A reforma tributária é uma das apostas do governo para a retomada da economia após a pandemia da covid-19. Bolsonaro disse que hoje as empresas “gastam muito tempo e gastam muito dinheiro” com os cálculos de prestações de contas e, por isso, a ideia do governo é “simplificar” o sistema.

“Vamos, se Deus quiser, fazer a reforma tributária no corrente ano. E o que eu falei com o Paulo Guedes? Eu não sou economista, mas fazer as quatro operações a gente sabe fazer. No final das contas, não podemos ter majoração da carga tributária, senão deixa como está”, disse.
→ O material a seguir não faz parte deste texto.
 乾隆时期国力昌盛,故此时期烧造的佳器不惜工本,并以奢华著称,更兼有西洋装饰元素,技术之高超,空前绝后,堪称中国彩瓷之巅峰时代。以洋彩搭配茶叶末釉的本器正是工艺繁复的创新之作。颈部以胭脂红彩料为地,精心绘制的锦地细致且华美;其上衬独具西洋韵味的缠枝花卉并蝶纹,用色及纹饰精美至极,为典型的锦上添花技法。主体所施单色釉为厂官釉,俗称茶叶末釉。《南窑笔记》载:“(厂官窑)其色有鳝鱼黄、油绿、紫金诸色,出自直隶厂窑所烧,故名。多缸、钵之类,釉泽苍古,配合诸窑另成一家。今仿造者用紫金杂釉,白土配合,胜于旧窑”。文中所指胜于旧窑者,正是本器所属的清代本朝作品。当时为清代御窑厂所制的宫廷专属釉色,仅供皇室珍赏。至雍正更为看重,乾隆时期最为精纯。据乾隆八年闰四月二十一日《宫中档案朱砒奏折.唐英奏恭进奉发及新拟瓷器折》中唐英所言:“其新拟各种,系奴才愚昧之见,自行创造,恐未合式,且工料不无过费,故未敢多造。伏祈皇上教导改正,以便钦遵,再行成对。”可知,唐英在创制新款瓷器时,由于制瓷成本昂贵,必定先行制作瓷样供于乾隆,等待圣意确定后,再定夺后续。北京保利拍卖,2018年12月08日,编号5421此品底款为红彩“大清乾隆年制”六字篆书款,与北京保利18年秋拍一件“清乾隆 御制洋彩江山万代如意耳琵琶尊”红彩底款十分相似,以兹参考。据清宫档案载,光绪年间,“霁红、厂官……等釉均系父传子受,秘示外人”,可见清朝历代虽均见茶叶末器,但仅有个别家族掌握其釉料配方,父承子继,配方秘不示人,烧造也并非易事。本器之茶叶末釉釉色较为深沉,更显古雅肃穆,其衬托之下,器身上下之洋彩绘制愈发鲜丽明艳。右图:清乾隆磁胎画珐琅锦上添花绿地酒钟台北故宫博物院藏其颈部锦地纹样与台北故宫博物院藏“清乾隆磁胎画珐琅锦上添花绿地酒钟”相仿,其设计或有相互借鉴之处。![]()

Nesta quinta (21), o senador Rodrigo Pacheco (DEM-MG), candidato apoiado pelo Planalto na disputa pela presidência do Senado, reconheceu que há discussões sobre a criação de um novo imposto nos moldes da extinta CPMF (Contribuição Provisória sobre Movimentação Financeira), mas afirmou que somente apoiará a iniciativa se houver medidas compensatórias, como a desoneração da folha salarial.

Conforme o Estadão revelou, o ministro da Economia, Paulo Guedes pretende reapresentar a proposta do novo imposto se o deputado Arthur Lira (PP-AL), candidato à presidência da Câmara, vencer a eleição de fevereiro.
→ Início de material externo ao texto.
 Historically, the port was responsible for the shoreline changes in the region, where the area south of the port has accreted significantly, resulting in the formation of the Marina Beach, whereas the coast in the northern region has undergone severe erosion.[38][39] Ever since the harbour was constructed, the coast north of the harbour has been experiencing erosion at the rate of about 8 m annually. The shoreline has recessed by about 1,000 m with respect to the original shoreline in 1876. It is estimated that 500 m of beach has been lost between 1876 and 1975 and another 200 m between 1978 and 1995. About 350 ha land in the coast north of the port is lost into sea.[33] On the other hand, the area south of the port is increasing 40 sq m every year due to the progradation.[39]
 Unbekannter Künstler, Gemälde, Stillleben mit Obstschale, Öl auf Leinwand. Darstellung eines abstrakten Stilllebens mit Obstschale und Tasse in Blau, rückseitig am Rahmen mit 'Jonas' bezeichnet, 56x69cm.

Bolsonaro disse ainda que é importante ter uma boa relação com o Congresso para que projetos de interesse do governo sejam pautados. Ele reclamou do fato de que uma medida provisória de regularização fundiária ter caducado e prometeu reapresentá-la neste ano.

“Hoje em dia estamos tendo um bom relacionamento com Câmara e com o Senado”, disse Bolsonaro, sem mencionar o presidente da Câmara, Rodrigo Maia (DEM-RJ), seu desafeto político.